Completamente apaixonada

Bebel vive há 18 anos em Nova Iorque e confessa que, do Rio de Janeiro, sente falta das praias e da avó centenária. Mas é na cidade que nunca dorme que tem a casa e a vida. Casada com um engenheiro de som, que trabalha na sua equipa, Bebel faz questão de dizer que está completamente apaixonada. «Ter um marido engenheiro de som, sendo música e cantora, é uma das melhores coisas. Recomendo», ri.

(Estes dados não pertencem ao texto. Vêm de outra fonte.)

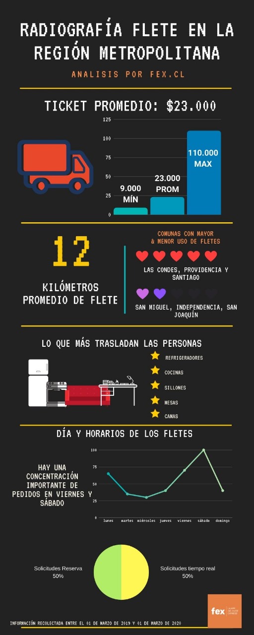 Acá aparece FEX, app hecha y desarrollada en Chile, con machine learning e inteligencia artificial, apodada “el Uber de los fletes”, quienes recientemente y en base a la data acumulada en más de 12 meses de funcionamiento, pudieron sacar una radiografía al uso de este tipo de servicios en la Región Metropolitana.
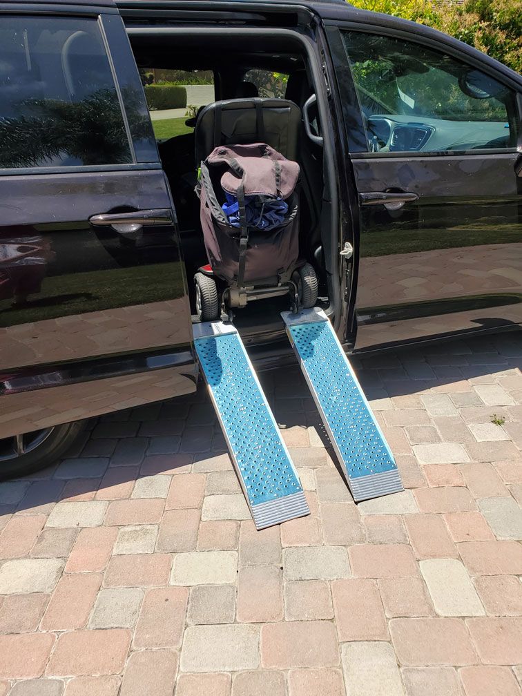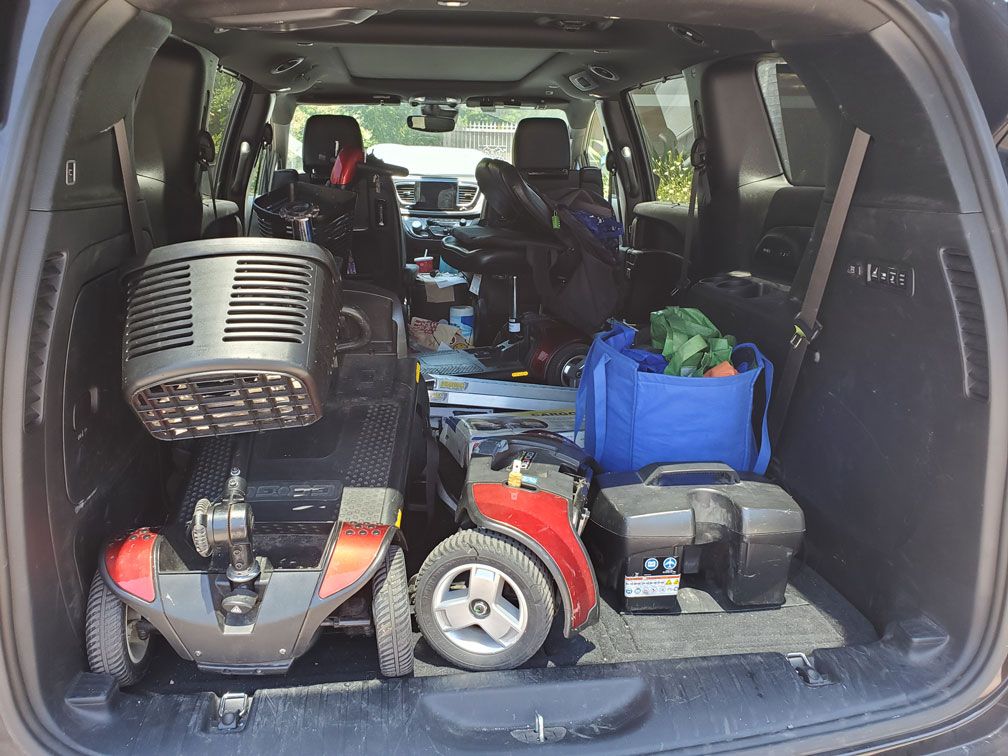 But for the trips since the parks reopened, we have put my scooter in the back, so right now it's side and back unloading.
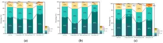 During the research period, 243 villagers participated in the completion of questionnaires. Approximately 53.27% of the population consists of males, while females account for approximately 46.95%. Among them, around 40% of individuals are aged over 60. It is worth noting that all respondents in the survey are free from significant ailments and possess the ability to live independently. A total of 214 valid questionnaires were returned, for a villager participation coverage rate of 88% (a level sufficient for sociological census research). The main content of the questionnaire included five sections: (1) basic information about the residents; (2) construction envelope; (3) conditions of heating, ventilation, and air conditioning systems; (4) residents’ thermal sensation vote (TSV); and (5) residents’ health and hygiene conditions. Under the guidance of the local village committee, the research team completed the questionnaire records within a week’s time. The onsite research is shown in Figure 3.
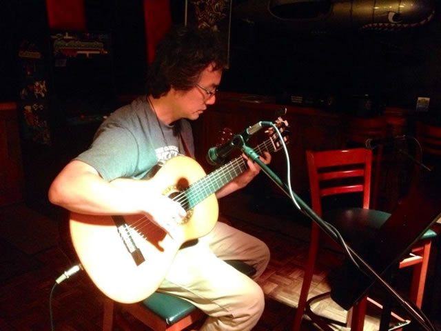 When we went inside, it was crowded with people, and I was a little scared to think that they all came in the cars and motorcycles we saw outside. We found a vacant table and Mr. R's fellow musicians joined us and we were eating hamburgers when a person with a microphone announced, "Let's start soon," but the inside of the restaurant was still as noisy as ever. After several groups performed, it was Mr. R's turn and he started playing that "A Whiter Shade of Pale." When I play this song in front of people, I leave out the organ part that includes the high notes in the interlude, but he played that part too. It was impressive. However, the inside of the restaurant was so noisy that his sound was drowned out by the cheers in the back. I was next, so I was tuning my guitar at the side of the stage, thinking, "This is tough," and was a little hesitant. I started with an up-tempo song (I forget what it was) to attack with a song with a little more momentum, but it was like fuel to the fire and I couldn't control myself at all. So, I started playing Billy Joel's "She's Always A Woman," and I heard some people in the front row say, "Isn't this Billy Joel?", and then I heard the first "shhh, shhhh" sound since Georgetown, Texas. Both Mr. R and I were surprised. After the performance, I was taking a break outside, and the old man in the sleeveless leather jacket and some bad-boy-looking people came up to me with big smiles and asked for a handshake. It was the same as the first day of the open mic in Orlando, Florida. All's well that ends well.
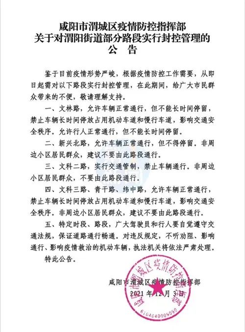 12月3日,咸阳市渭城区疫情防控指挥部发布消息,鉴于目前防控形势严峻,根据疫情防控工作需要,从即日起需对渭城区渭阳街道部分路段实行封控管理,在此期间,给广大市民群众带来的不便,敬请理解支持。
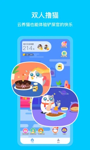 1、在这里可以再手机上面和自己的另一半互动,每天都可以有事做,两个人都可以同时的和小猫咪玩耍;
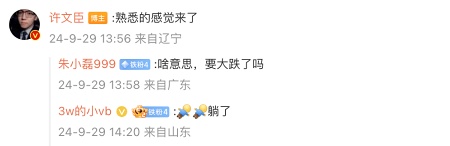 許多網友回應:「啥意思,要大跌了嗎?」
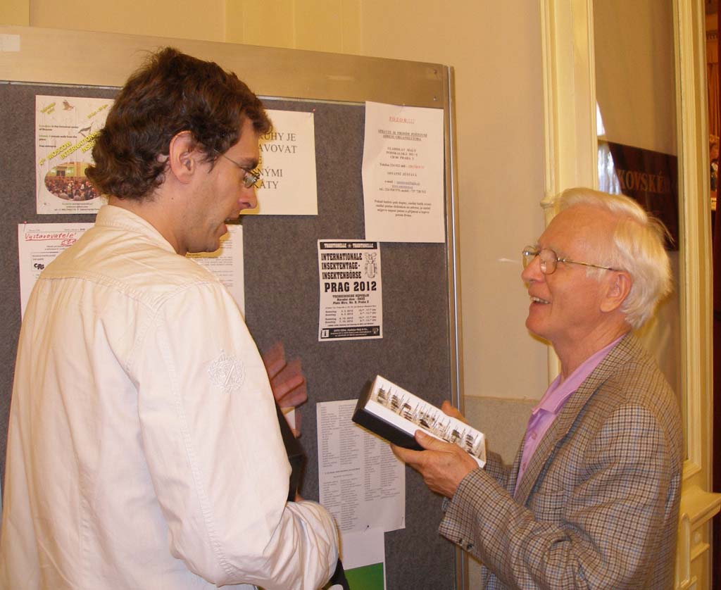 Si è tenuta a Praga nei giorni 1 e 2 ottobre la consueta Borsa degli Insetti (analoga a Entomodena). Ero là, con i fratelli Ivan e Pierpaolo Rapuzzi, Daniele Baiocchi e con altri entomologi italiani (mi ricordo di aver intravvisto Pederzani, Casale, Cavazzuti, Grottolo, Cassola, ed altri. Propongo alcune immagini con entomologi di varie nazionalità. Antonin Wrzecionko & Tomas Tichy (Repubblica Ceca) David Wrase (Germania, specialista di Carabidae) Il sottoscritto con Carolus Holzschuh (Austria, specialista di Cerambycidae) Il sottoscritto con Maxwell Barclay del British Museum; foto scattata al Museo di Storia Naturale di Praga Il giapponese in rosa Emil Kucera Un quartetto eterogeneo (polacchi, cechi e ungheresi); da sinistra il polacco Jacek Hilszczanski, Mr. X, Nikola Rahmé (Ungheria), Edvárd Mizsei
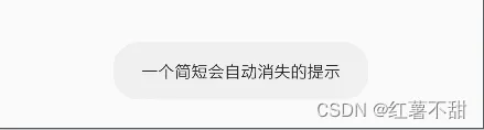 这个在 Android 中被称为 Toast,用来短暂的展示一些简短的提示信息。相比弹窗来讲它对用户的打扰更小,在提示一段时间之后会自动消失,通常用来提示当前的状态或者一些不太重要的信息。接下来我们先看看 Toast 的相关特性然后一起动手编写一些与 Toasts 相关的示例代码。
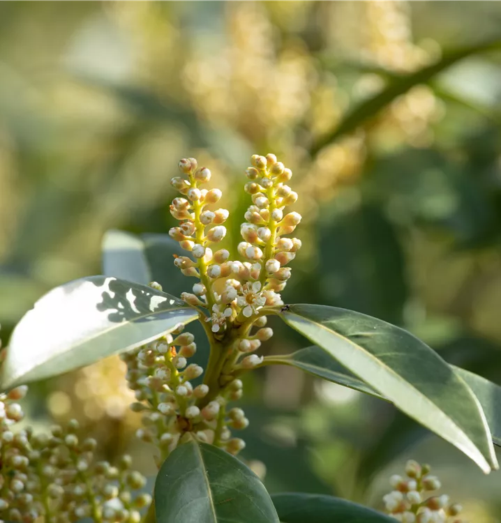 Blüte: Weiß, zarter Duft; Mai. Laub: Dunkelgrün; immer-
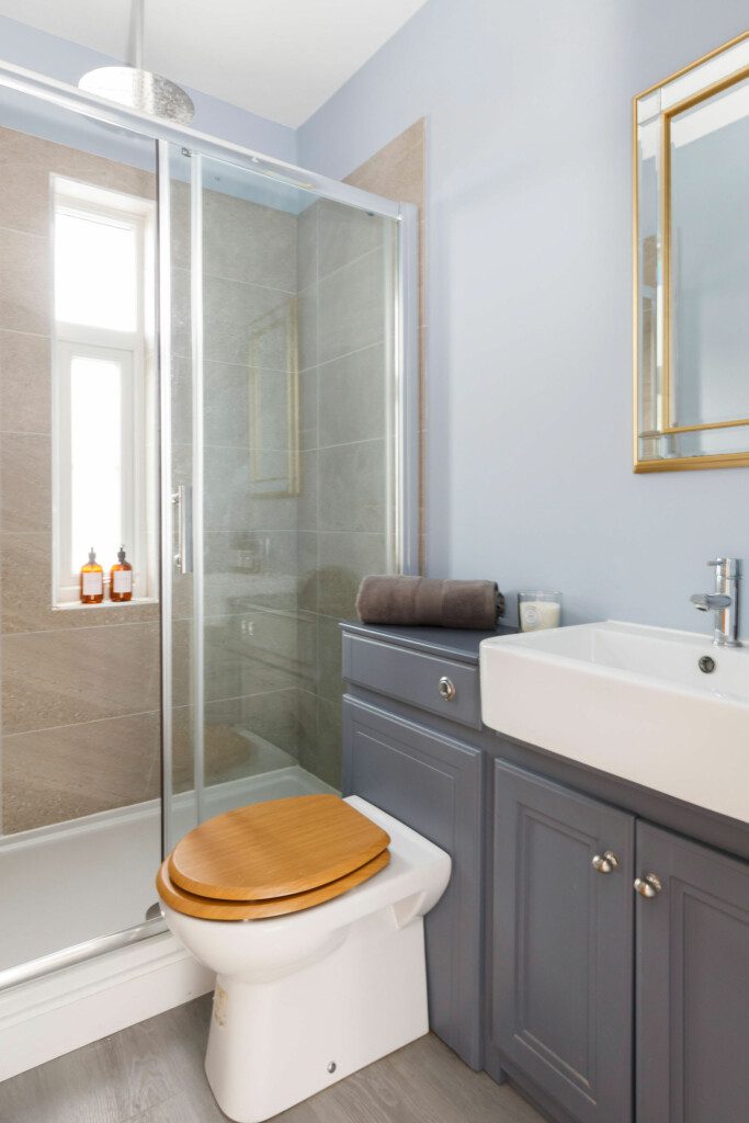 Enjoy the luxury of a spacious walk-in shower in our well-appointed bathroom.
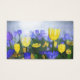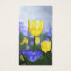 Los tulipanes amarillos y azules soleados destacan en un campo en una fresca y neblina mañana de primavera. Al amanecer temprano se destacan como copas doradas de luz.
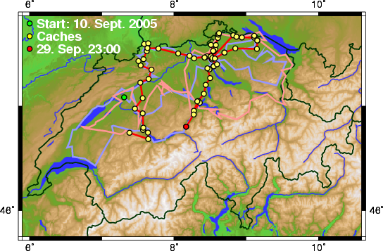 - 10. Sep. 2005 - 27. Jul 2006 (hellblaue Linie in den Karten)
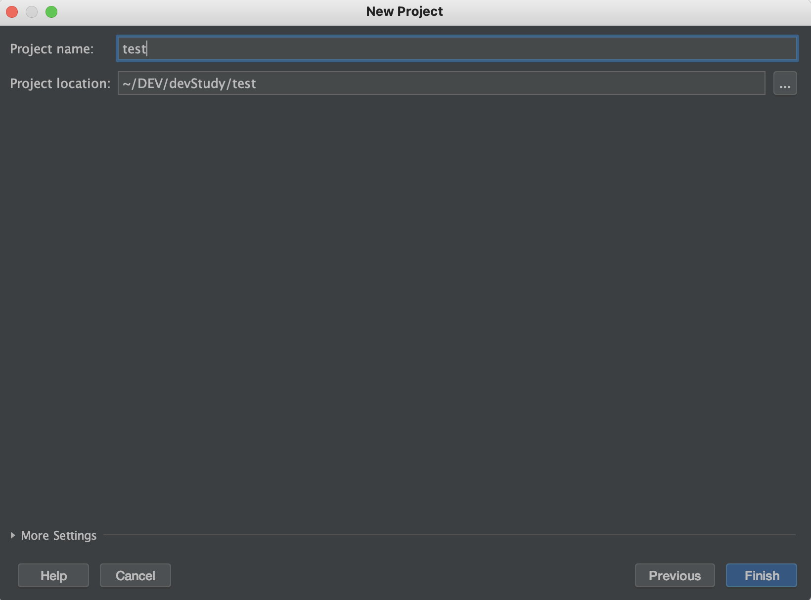 Project Name 은 앞의 과정에서 입력한 ArtifactId와 동일하게 입력한다.
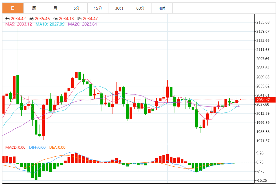 基本消息面 周四(2月29日),现货黄金窄幅震荡,目前交投于2034.78美元/盎司附近。金价周三小幅上扬,美国略微下修第四季经济增幅,给金价提供支撑,但金价涨幅受限,因交易商关注关键经济数据和美联储官员对降息时间表的评论。 RJOFutur高级市场策略师oHarkor说,“美联储
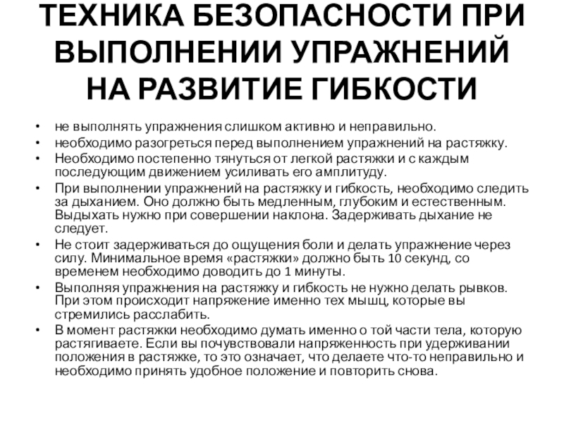 Слайд 20ТЕХНИКА БЕЗОПАСНОСТИ ПРИ ВЫПОЛНЕНИИ УПРАЖНЕНИЙ НА РАЗВИТИЕ ГИБКОСТИ

Mais a sério, conta que o estado de paixão em que vive se reflecte no seu trabalho. «O estado de espírito sempre influencia a sua música. A dor é boa. Uma dor de cotovelo dá uma boa música. Mas a felicidade é muito bom para a música», diz.


 

O disco que tem tudo!

Num hotel de Lisboa, com um piano a ser afinado ao fundo, Bebel também fala de música. Da «sua» música. E do mais recente trabalho, que agora vem apresentar em Portugal. «All in One» é, diz ela, um trabalho mais completo, que reflecte uma maior maturidade. «É um disco que tem all in one. Foi gravado na Jamaica, na Baía e em Nova Iorque. Tem um número de produtores como eu nunca tive. (...) Tenho de os contar com duas mãos. (...) Tem essa coisa de fechar um ciclo e de eu estar mais madura. Acho que eu quero crescer mais um pouco. Finalmente!», considera.

Não gosta que classifiquem a música que faz na Bossa Nova ou em qualquer outro estilo. «Essa coisa do rótulo fica meio chato. (...) Eu faço música. Sempre fico tentando evitar e fico ali martelando», reivindica.

 

... até um pouco de Portugal

E como este disco tem tudo, tem também um pedacinho de Portugal. Bebel canta uma música de Carmen Miranda, em jeito de homenagem. Mas, meio a sério, meio a brincar, não deixa de reivindicar para o Brasil a nacionalidade de Carmen e não resiste à provocação: «Será que é portuguesa ou é Brasileira?». Mas logo se redime: «Claro que é portuguesa. Ela ia tremer - claro que é portuguesa. Eu respeito a Carmen».

Para segunda-feira, na Aula Magna, Bebel Gilberto promete cantar o «Chica Chica Bom Chic», de Carmen Miranda. Mas promete ir muito mais além. Promete um concerto «All in One», com trabalhos do último disco, mas também um revisitar da carreira. Fiquem os fãs descansados, que os clássicos de Bebel não vão faltar.